Speaking of suspiciously abandoned modes of conveyance, located in the fort’s courtyard is a very fine carriage rather unsuited to the mountianous slopes surrounding Vahlgraun. Asking around in town reveals it belongs to one of the noble families that’ve been recently purchasing lands on the outside of the mountain, the occupants having apparently stopped off in the port for a night before heading on to meet their grisly ends along with the soldiers. Just what were these agents of the gentry trying to accomplish?
Unfortunately the only witness to the slaughter the party ends up discovering happens to be a half-feral wraith they stumble across eating bodies in the forts cellar a day or two after the deaths are discovered. He speaks with a strange, archaic accent, can’t remember his name and seems quite disoriented, even for a dead man.

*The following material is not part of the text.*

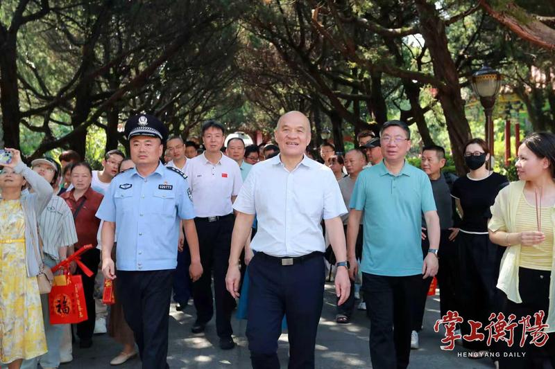 10月2日,衡阳市委书记刘越高赴南岳区调研假期文旅消费和旅游安全工作,看望坚守一线的工作人员。他强调,要深入学习贯彻习近平文化思想,不断优化文旅市场供给,促进业态融合发展,扎实抓好旅游服务保障和安全生产,促进消费市场持续繁荣活跃,为深入实施“制造立市、文旅兴城”发展战略作出更大贡献。

The Answer: Ultia Vant was one of those people upon who’s shoulders the entire world rests, as essential in her work as she was unthanked. Without her to drag goods up the mountain the garrison would either start harassing the common people for “donations” or clear off all together, leaving the port and its vital mountain passes undefended. Her father was just as vital, until a bad stretch of weather meant the soldiers had to go hungry for a few days and they decided to beat him so badly that he couldn’t make the journey up the mountain anymore. They made Ultia watch, and swore they’d finish the job if she was ever late again.
For a year and a half, week in, week out, Ultia made the journey, enduring the garrison’s taunts and using every spare copper to pay for her father’s medicine. Then, oneday, her mule died, and she was left with a cart full of goods too heavy to pull herself. With no other option she loaded what goods she could on her back and started the climb herself.
The bone deep anger she felt called out to something, a spirit of violence and ruin in the shape of a horse that was quite coincidentally tired of its current husk of a rider. Tossing their mutual burdens to the roadside, the two rode up to the fort and slaughtered every living thing they could find, at which point they took off to complete whatever sinister errand the ruin-spirit asked in return for its gift of strength.